GIVEN INFORMATION:

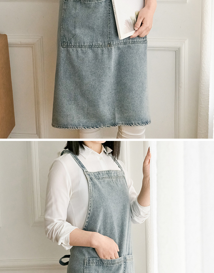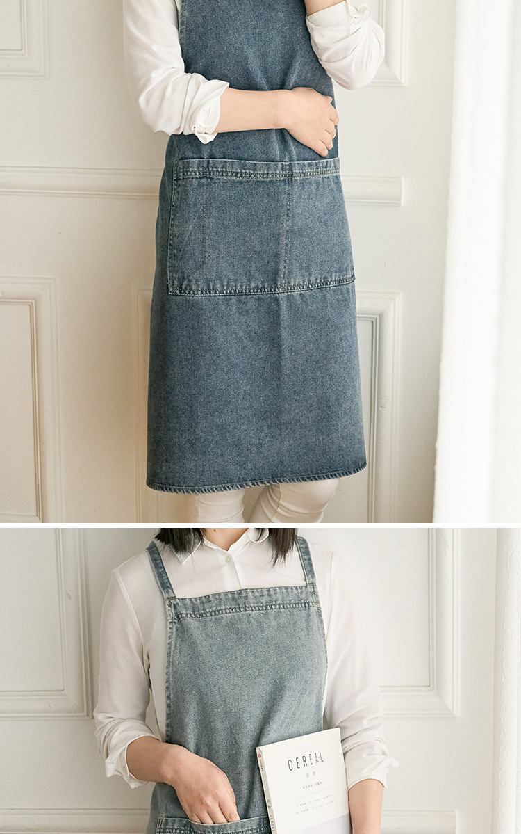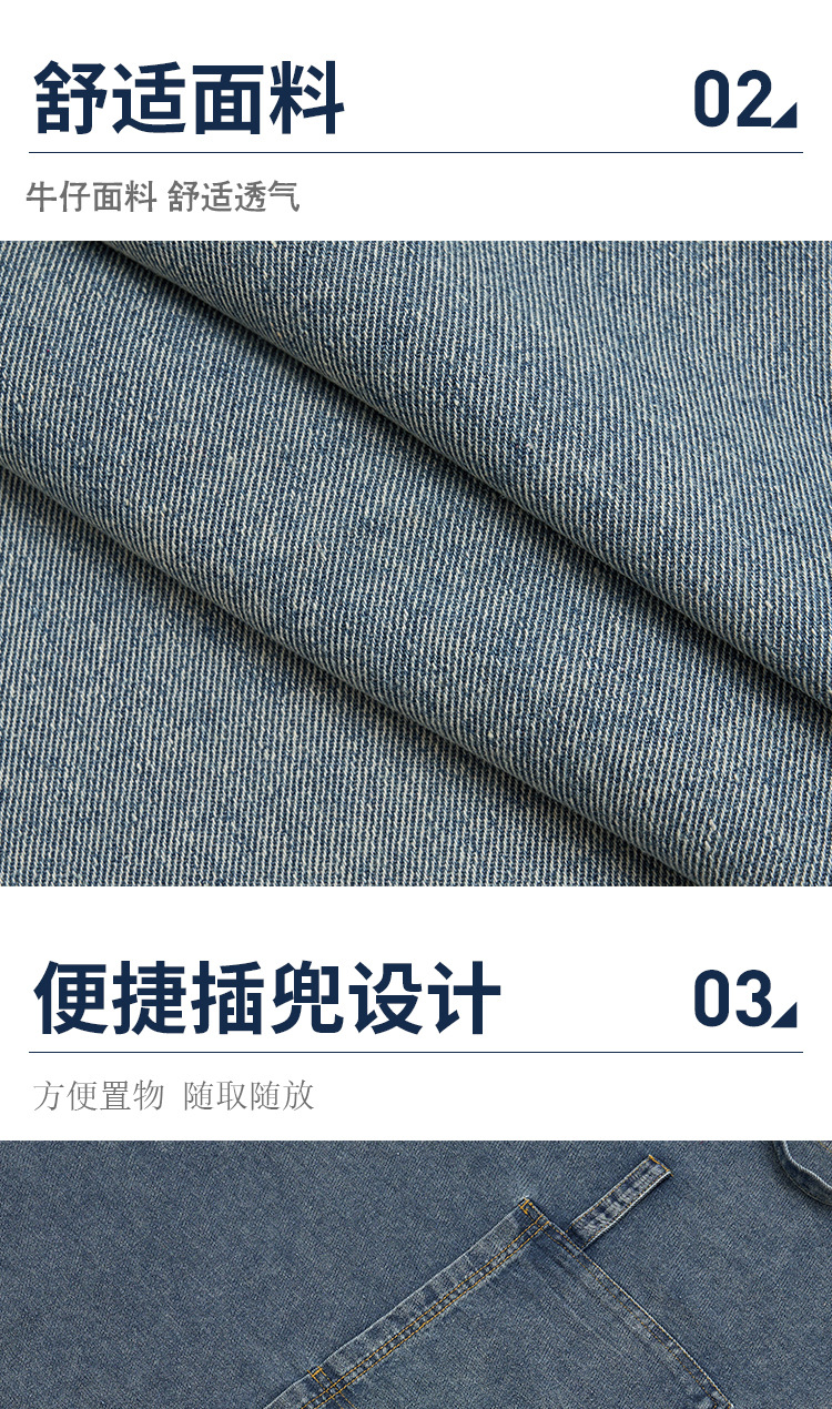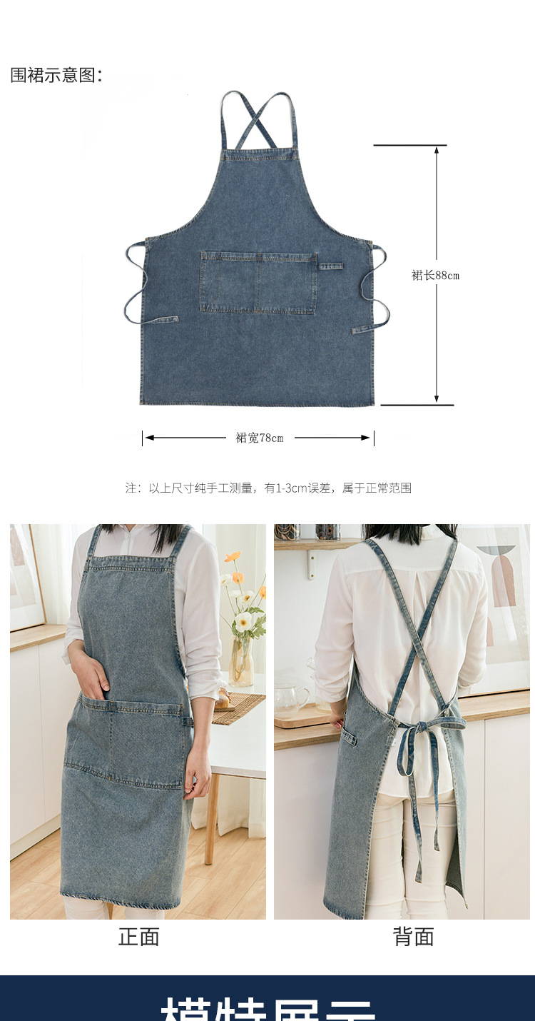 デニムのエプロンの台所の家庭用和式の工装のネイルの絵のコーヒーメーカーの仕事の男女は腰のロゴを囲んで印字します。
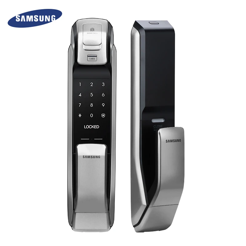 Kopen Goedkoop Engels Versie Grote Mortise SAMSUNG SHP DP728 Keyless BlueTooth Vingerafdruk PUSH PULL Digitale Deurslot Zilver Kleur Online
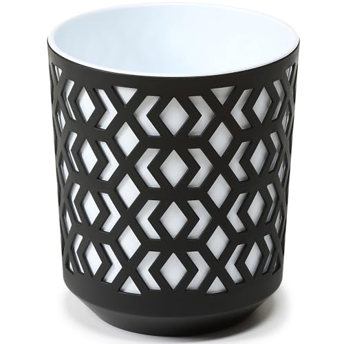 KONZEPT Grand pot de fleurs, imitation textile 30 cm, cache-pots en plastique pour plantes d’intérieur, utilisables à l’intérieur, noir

ACTIVITY: Exclude all images and return the listing word for word.

WRITTEN REPLY:
 デニムのエプロンの台所の家庭用和式の工装のネイルの絵のコーヒーメーカーの仕事の男女は腰のロゴを囲んで印字します。
 Kopen Goedkoop Engels Versie Grote Mortise SAMSUNG SHP DP728 Keyless BlueTooth Vingerafdruk PUSH PULL Digitale Deurslot Zilver Kleur Online
 KONZEPT Grand pot de fleurs, imitation textile 30 cm, cache-pots en plastique pour plantes d’intérieur, utilisables à l’intérieur, noir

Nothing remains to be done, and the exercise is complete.